Book Reviews

Kidlit trends for 2017

Humorous books, like Marcie Colleen’s Super Happy Party Bears (published by Macmillan/Imprint, illustrated by Steve James) are among the publisher’s “top trends for 2017.”

Want to know what the new year holds for children’s literature?

Keeping in mind this is just one publisher–albeit a big one–here are Scholastic’s trends for (presumably American but probably Canadian as well–don’t know about other countries) children’s literature.

That was a very complicated sentence. Sorry. Here are the trends:

1. Books on “kindness in an uncertain world.”

2. Reintroducing some of the classics.
Like Magic Schoolbus (which is 30 years old, if you can believe it) and Goosebumps (20 years old).
3. Humour
Yay!

(See Disclosure, below.)
4. Nonfiction and biographies that help kids learn how to do research.
Well. I must say this bodes very well for our sister website, TeachingKidsNews.com — we publish free, kid-friendly news with curriculum material to help kids work on their critical thinking skills so they can sort out real news from fake news and know what’s going on in the world. (This was my sidebar about TKN, btw, not Scholastic’s.)
5. Twisted-up classics
“Meet Little Red Riding Hood, but this time as a superhero.” Wow, I did not see that coming. Interesting. (By the way, along these lines, my friend–hey, is it my fault I have a lot of author friends on Facebook?–just published a take on the Cyrano story. It’s called Crushing It and it’s for middle-grade readers–about grade 7/8. You can read  the first three chapters free. I read an early version of it (as a beta-reader) and I loved it.
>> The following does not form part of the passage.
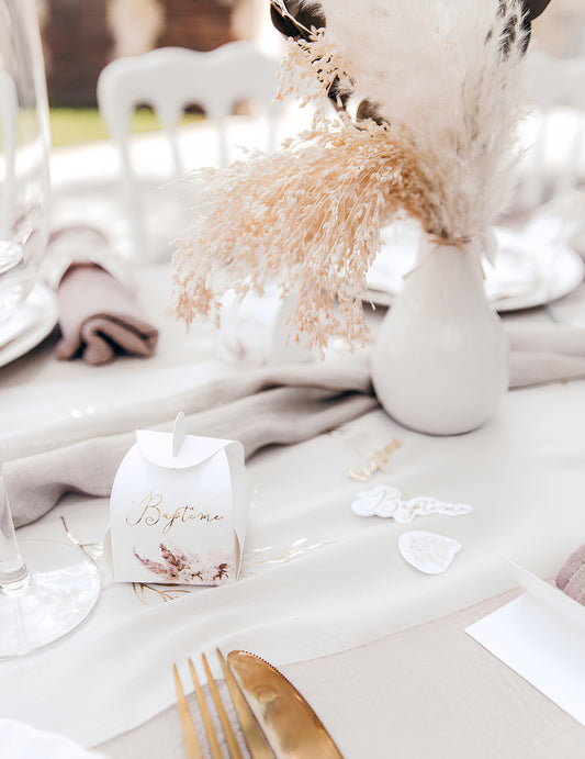 Elfogyott10 karton keresztelői doboz pampafűvel és gyapotvirágokkal (5x7 cm) cm

Here’s Scholastic’s whole list, along with book recommendations for each one — again, keeping in mind that all the recommendations will be for Scholastic books (not that there’s anything wrong with that…).

Disclosure: Really, I just want to brag that I did extra-extra research for this post. I asked Marcie Colleen (who I do know from Facebook–that’s the disclosure part for ya) for a copy of Super Happy Party Bears before I used it as the featured photo because I wanted to be Super Thorough (that was a Party Bears use of capital letters). My one-line review: In a world of seemingly never-ending bad news and strife, this book just wants you to be happy and it wants your kid to be happy and it really does feature super-happy bears partying all the time, and in the end *spoiler* they defeat the grumpy ones. Ha!